Aqueous Solubility of Sodium and Chloride Salts of Glycine─"Uncommon" Common-Ion Effects of Self-Titrating Solids.

Although glycine is the simplest of the amino acids, its solution and solid-state properties are far from straightforward. The aqueous solubility of glycine plays an important role in various applications, including nutrition, food products, biodegradable plastics, and drug development. There is evidence that glycine in subsaturated pH 3-8 solutions forms a dimer, as suggested by several techniques. However, what takes place below pH 3 and above pH 8 in saturated solutions has been sparsely explored and is thought to exhibit complex properties. Although the solubility measurements in the pH 0-13 range have been reported by several groups, the interlaboratory variance between the data below pH 3 and above pH 8 has been high. In a couple of cases, there appears to be no pH dependence on solubility across the wide pH range, even though the reported glycine p values are 2.34 and 9.61. The solubility of the salt forms of glycine is largely uncharacterized. The solubility products of the simplest salts, glycine hydrochloride and sodium glycinate, appear not to have been published.
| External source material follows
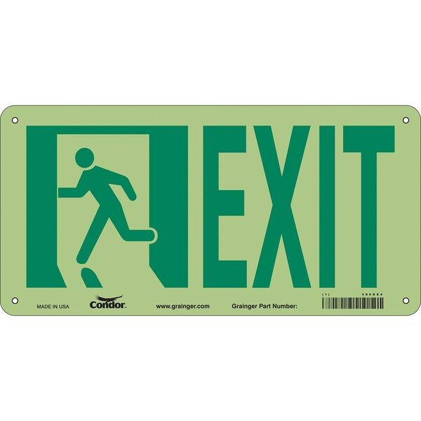 Safety Sign, Vertical Rectangle, Number of Printed Sides 1, English, Sign Format Other Format, Sign Legend Exit, Sign Legend Background Color White, Sign Legend Style Symbol and Text

In this study, five series of precision solubility measurements of glycine and its salts were performed at 25 °C, covering the range of pH -0.4 to 12.4, where in each case, just enough glycine was added to reach saturation. We have developed an equilibrium model to rationalize the complicated salt regions. Elemental analysis of isolated solids from saturated solutions supports the speciation model. At least three different salt forms have been indicated in acidic solutions and one salt form in alkaline solutions. Solubility products are reported here. The presence of a water-soluble cationic dimer is also proposed. Data analysis was performed with the aid of the DISOL-X computer program. Activity corrections based on the Stokes-Robinson hydration theory have been implemented in saturated solutions with ionic strength in some cases exceeding 5 M. Although salt solubility is not a constant, since it depends on two independently controlled reactant concentrations, the salt solubility product is commonly expected to be a constant. However, in the glycine salt region below pH 3, our solubility measurements demonstrate that the solubility products depend on the total amount of added glycine in a saturated solution. We view this as an "uncommon" common-ion effect.